话音落下的瞬间,苏元清已经带着家丁撞开了书房的门,他高举着火把,满面狰狞地冲了进来,却被如铁塔般矗立的墨影死死截住。
“滚开!本侯要清理门户!”苏元清厉声咆哮,火光将他因贪婪与心虚而扭曲的脸照得忽明忽暗。
萧长渊正欲开口,身后的苏晚卿却忽然挣脱他的怀抱,一步迈出。
在所有人惊骇的目光中,她猛地扯开了自己本就松散的衣襟!
“嗤啦——”
丝帛碎裂,露出她白皙精致的锁骨,以及锁骨下方,一道早已愈合、却依然狰狞可怖的陈年疤痕!
那是一道被烙铁烫出的伤,形如枷锁。
“父亲,你告诉王爷,我这道伤,是因为所谓的‘疯病’,还是因为当年你为逼我母亲交出救人的信物,好卖个人情给摄政王的仇家,而亲手用烙铁烫上去的?”
她的声音不大,却如惊雷炸响在每个人耳边!
苏元清的脸色“唰”地一下变得惨无人色。
萧长渊的目光死死定在那道疤痕上,瞳孔剧烈收缩。
他像是被什么东西狠狠刺中,眼中翻涌起滔天的痛楚与不敢置信,猛地伸手,一把捂住了苏晚卿的嘴,阻止她再说下去。
他的指尖冰冷,却在控制不住地颤抖。
就在这一刻,或许是因房门被撞开的气流扰动,亦或是机关早已朽坏不堪,那悬于墙腹中的铁链发出一阵令人牙酸的“咯吱”声,竟“哐当”一声,从中断裂!
随着铁链坠地,一个被油纸包裹的物事从墙体深处掉了出来,正好落在苏元清脚边。
油纸散开,露出一张泛黄的信笺。
上面那熟悉的笔迹,正是苏元清的亲笔——那不是告密信,而是一份将萧长渊当年“小太监”的身份明码标价,卖给仇家的“卖身契”!
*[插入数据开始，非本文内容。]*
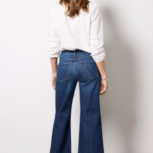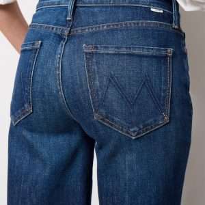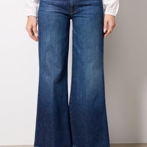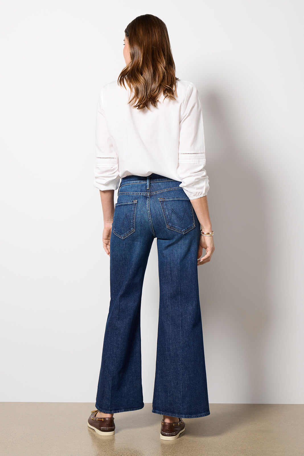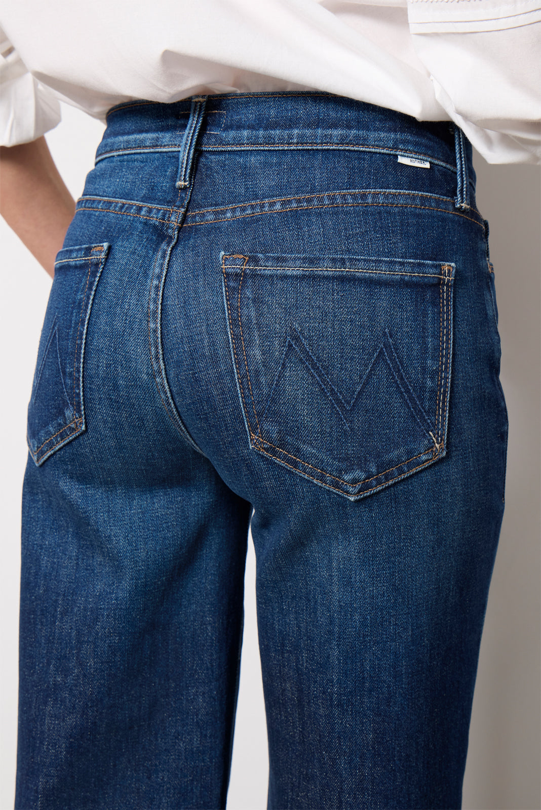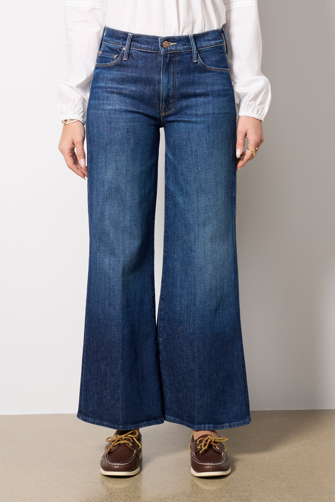 A flared wide leg defines the stylish Twister Flood jean by MOTHER, featuring an ankle-length inseam, clean hems, and dark-wash denim with fading at the knee.

苏晚卿拨开萧长渊的手,看也不看地上的苏元清,只是弯腰,将那封信笺捡了起来。
她走到苏元清面前,在他惊恐万状的注视下,手腕一扬,那封决定苏家命运的信笺,便如一只蝴蝶,轻飘飘地飞向了他手中那熊熊燃烧的火把。
“王爷,”她转过头,唇角勾起一抹淬了冰的笑意,“现在,您觉得要废的,是本宫,还是苏家的家主?”
萧长渊没有回答。
他只是死死地凝视着她,那双深不见底的黑眸里,风暴、烈火、与一种他自己都未曾察觉的、名为心动的滚烫情愫交织翻涌,比那即将吞噬信笺的火光,更要灼人。
眼看信笺就要落入火焰,化为灰烬。
苏元清发出一声野兽般的嘶吼,彻底失去了理智。
他猛地推开面前的家丁,举着火把,疯了一般朝那摇摇欲坠的密室铁链冲去。